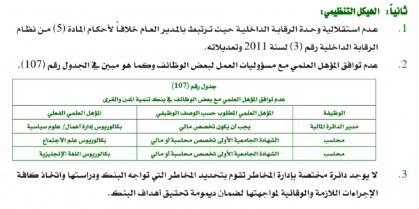 كشف تقرير ديوان المحاسبة للعام 2018 ، عن وجود عدد من الملاحظات على الهيكل التنظيمي في بنك تنمية المدن والقرى تمثلت بعدم استقلالية وحدة الرقابة الداخلية حيث يرتبط بالمدير العام خلافاً لاحكام المادة (5) من نظام الرقابة الداخلية رقم (3) لسنة 2011 وتعديلاته .
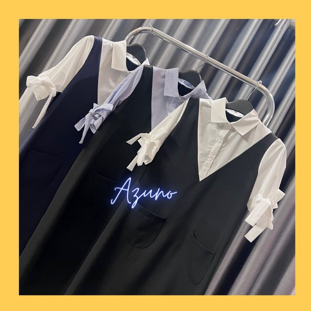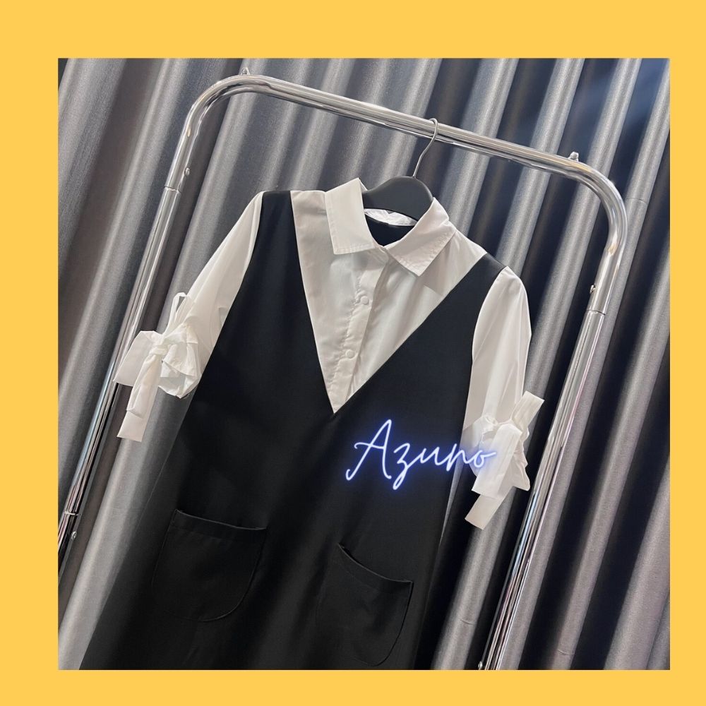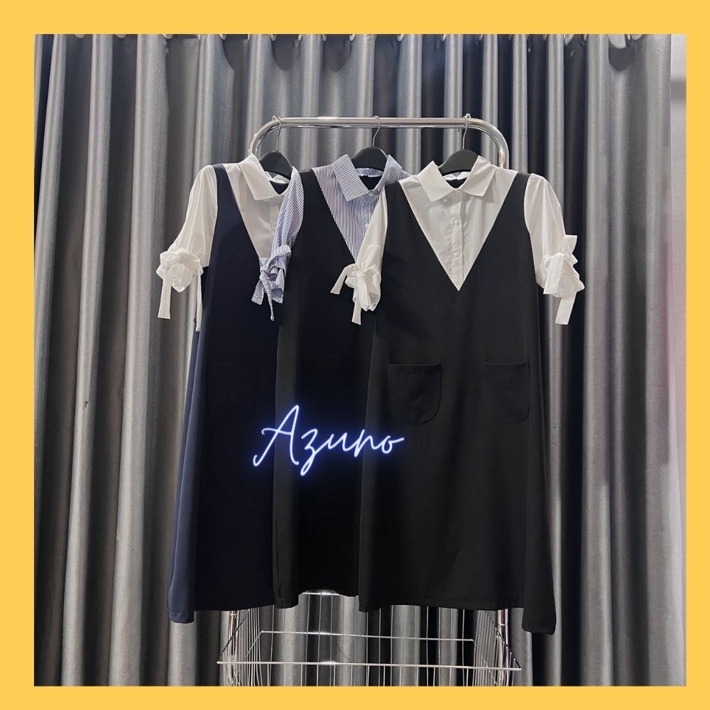 1. Thông tin chi tiết sản phẩm Váy bầu phối cổ tròn, đầm bầu đi làm, đi chơi, thiết kế sang trọng by Azuno Chất liệu chéo nhật phối trượt tằm xờ siêu mát tay
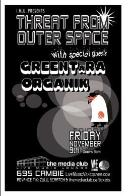 . Friday, November 9th I.M.U. presents THREAT FROM OUTER SPACE w/ GREENTaRA & OR-GAN'IK @ The Media Club, 695 Cambie. $10 Advance / Doors 9pm
——
Where the line holding "1. Thông tin" appears, start copying, and continue exactly through the last line of the listing, both ends included, skipping the pictures.

 1. Thông tin chi tiết sản phẩm Váy bầu phối cổ tròn, đầm bầu đi làm, đi chơi, thiết kế sang trọng by Azuno Chất liệu chéo nhật phối trượt tằm xờ siêu mát tay
 . Friday, November 9th I.M.U. presents THREAT FROM OUTER SPACE w/ GREENTaRA & OR-GAN'IK @ The Media Club, 695 Cambie. $10 Advance / Doors 9pm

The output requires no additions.